A large number of items related to ion transport were found to be enriched through GO analysis (Additional file 13: Fig. S6 and Additional file 11: Table S7). In order to further explore the relationship between stress tolerance and boll number, we performed RNA-seq analysis using the salt stress transcriptome of Gossypium acc. TM-1. With the filter of FPKM ≥ 3, 500 genes (446 in roots and 395 in leaves) in QTL regions were obtained. With GO annotation and differential expression analysis, we focused on 40 salt-inducible stress response genes. Of them, 6 were commonly identified in roots and leaves (Additional file 17: Fig. S8, Additional file 18: Table S10 and Additional file 19: Table S11). Gh_A04G1216 encodes a high-affinity K+ transporter 1 (HKT1). AtHKT1 limits root-to-shoot sodium transportation and is believed to be essential for salt tolerance in Arabidopsis thaliana [32]. Gh_A05G3239 encodes a peroxidase superfamily protein (POD), which has been shown to play an important role in anti-oxidation under salt stress in cotton [33]. Gh_A08G1183 encodes a mitogen-activated protein kinase (MAPK), which has been widely reported to be associated with salt tolerance in cotton [34]. In addition to the ion transport GO term, carbohydrate metabolism was active under salt stress, for example, 10 genes were identified in the enriched GO term “polysaccharide catabolic process” and 3 of them were differentially expressed under salt stress. Cell cycle regulation is of pivotal importance for plant growth and development [35]. A total of 33 genes were identified in the enriched GO term “cell cycle”, 8 of which were differentially expressed under salt stress. These candidate genes could contribute to increasing boll number under different salt environments in cotton.

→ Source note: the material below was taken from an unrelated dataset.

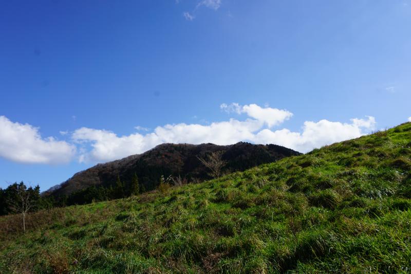 下りきると、旧雷山スキー場へ。草場を歩き、雷山避難小屋横を過ぎると、

In order to explore the key genes and mechanisms of boll number regulation under high and low salt conditions, we compared the genes located in the QTL regions of BNPP between conditions A and D. In total, 204 and 265 genes were identified under salt conditions A and D, respectively. GO enrichment analyses showed significantly different functional classification of genes between high and low salt conditions. GO terms related to “polysaccharide metabolic process”, “carbohydrate catabolic process” and “cell wall organization” were enriched under high salt condition A (Fig. 5A, Additional file 20: Table S12), while “cell cycle”, “ion transmembrane transport” and “regulation of signal transduction” were enriched under low salt condition D (Fig. 5B). This indicates that carbohydrate metabolism and cell structure maintenance play crucial roles under high salt conditions, while ion transport is a basal process that is more important under low salt conditions. Under high salt conditions, several candidate genes associated with BNPP were detected. Gh_A11G1551 encodes a proline dehydrogenase 1 (ProDH1), also called early responsive to dehydration 5 (ERD5), which has been studied extensively, especially under abiotic stress [36]. For energy metabolism, Gh_A05G1912 encodes an isoamylase 3 (ISA3), which contributes to starch breakdown. Under low salt conditions, three candidate genes were identified to play important roles in the balance between sodium and potassium. In detail, Gh_A10G0441 encodes a potassium transporter 1 (KUP1) [37], Gh_A12G0074 encodes a high affinity K+ transporter 5 (HAK5) [38] and Gh_A12G0061 encodes a sodium hydrogen exchanger 2 (NHX2) [39].